▶ **GIVEN INFORMATION**:
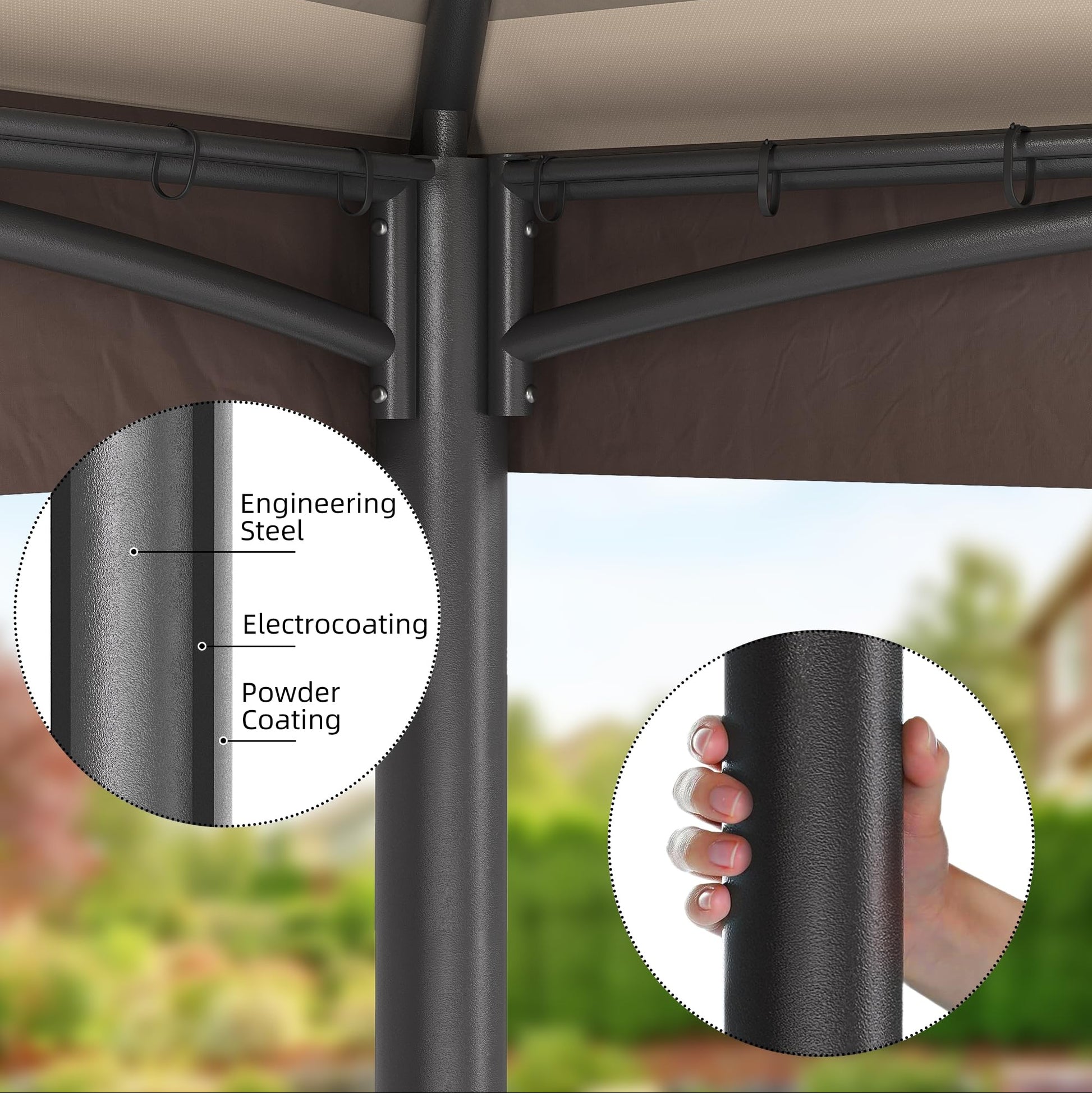 - [ Durable Structure ]: Our patio gazebo frame is constructed from cold-rolled steel, making it sturdy and resistant to rust; With a pole diameter of approximately Φ50 mm (2 inches) and a total weight of around 125 pounds, it provides a secure environment for your use.
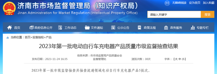 济南市市场监督管理局公布2023年第一批电动自行车充电器产品质量市级监督抽查结果
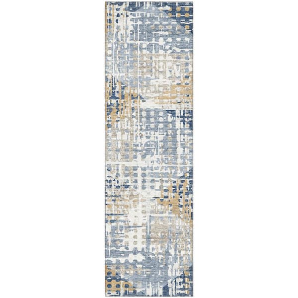 Mayfield Premium Machine Washable Abstract AMF2116 Navy 2 ft. x 7 ft. Runner Rug

▶ **WORK ITEM**:
The span to retype runs from the line containing "济南市市场监督管理局公布20" through the last line of the listing above, both ends included; copy it exactly, without pictures.

▶ **RESULT OF THE TASK**:
 济南市市场监督管理局公布2023年第一批电动自行车充电器产品质量市级监督抽查结果
 Mayfield Premium Machine Washable Abstract AMF2116 Navy 2 ft. x 7 ft. Runner Rug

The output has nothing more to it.